Mary Peltola
Amazing Number: 70,000. The total number of registered Democrats in all of Alaska -- which represents just 12% of the 574,000 total registered voters. About 65% of Alaskans are registered Independent, but the state as a whole has been solidly red. 
Which is why Mary Peltola, the first Alaska Native elected to Congress who is now the Democratic candidate for one of Alaska's Senate seats, has discovered a new (well, no, "new to her") secret weapon for winning an otherwise improbable campaign: Door-knocking with a new purpose (and not just knocking up the Democrats but going strong after the Republican-leaning-but-persuadable Independents, the vast majority). Rather than repeating by rote a "Vote for Mary" message, the "Ground Truth technique" is called "deep listening." (This kind of canvassing, based on good data, is old-hat in my neighborhood of Southern political organizing. But I understand why any brand of door-knocking in Alaska, where there's sometimes -- often? -- great distances between residences and pootie weather to boot, has probably never been pursued as a standard political activity by party organizers.)

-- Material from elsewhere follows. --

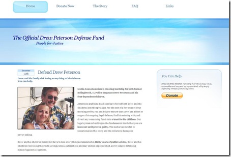 We know American people are very generous whenever someone or some a family suffers a great loss, they'd like to donate money. But for the case of Drew Peterson, the Illinois police whose third wife Kathleen Savio died of suspected foul play and fourth wife Stacy Peterson vanished this October, we are skeptical of the willings of generous American people. We can't definitely say Drew Peterson is the one who orchestrated his two wife's deaths, but we do think he is a suspect. The former police now constructed http://defenddrew.com/ to beg for public help to raise his legal defense. Let's us know if you will donate or not to Drew Peterson Defense Fund. For us, we will not.

Peltola has engaged Swing Left to implement the Ground Truth canvassing program, which is a great move, so long as two other things are true:
1. That Peltola has sufficient volunteers to mount that kind of painstaking and time-consuming voter outreach.
2. That those volunteers are thoroughly trained in listening techniques and can operate a phone to record data.

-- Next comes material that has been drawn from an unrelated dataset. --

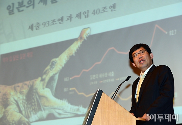 윤창현 한국금융연구원장이 8일 오전 남대문로 대한상공회의소에서 열린 조찬간담회에 참석해 ‘최근 금융시장 동향과 한국경제’를 주제로 강연하고 있다. 노진환 기자 myfixer@

The Senate seat is currently occupied by carpet-bagger Republican Dan Sullivan, an ex-Marine who moved up from Ohio as an adult and who wouldn't dare deviate from MAGA. Pundits heavily favor Sullivan to hold onto his seat. The Cook Political Report has rated the race "Solid Republican," but more recently Sabato's Crystal Ball at the University of Virginia moved it to "Toss-Up." Peltola has to overcome the loser label: she only served one term in the House before losing reelection in 2024. True, she had beaten Sarah Palin in 2022, but that was politically "in the Long Ago." Peltola has been "moderate," which in her case means practical and rarely ideological, with the interests of Alaska uppermost. She's been one of the most independent Democrats, and she might just ride the wave into the Senate, especially if she can get a sizable chunk of the independent electorate engaged by simply listening at their doors.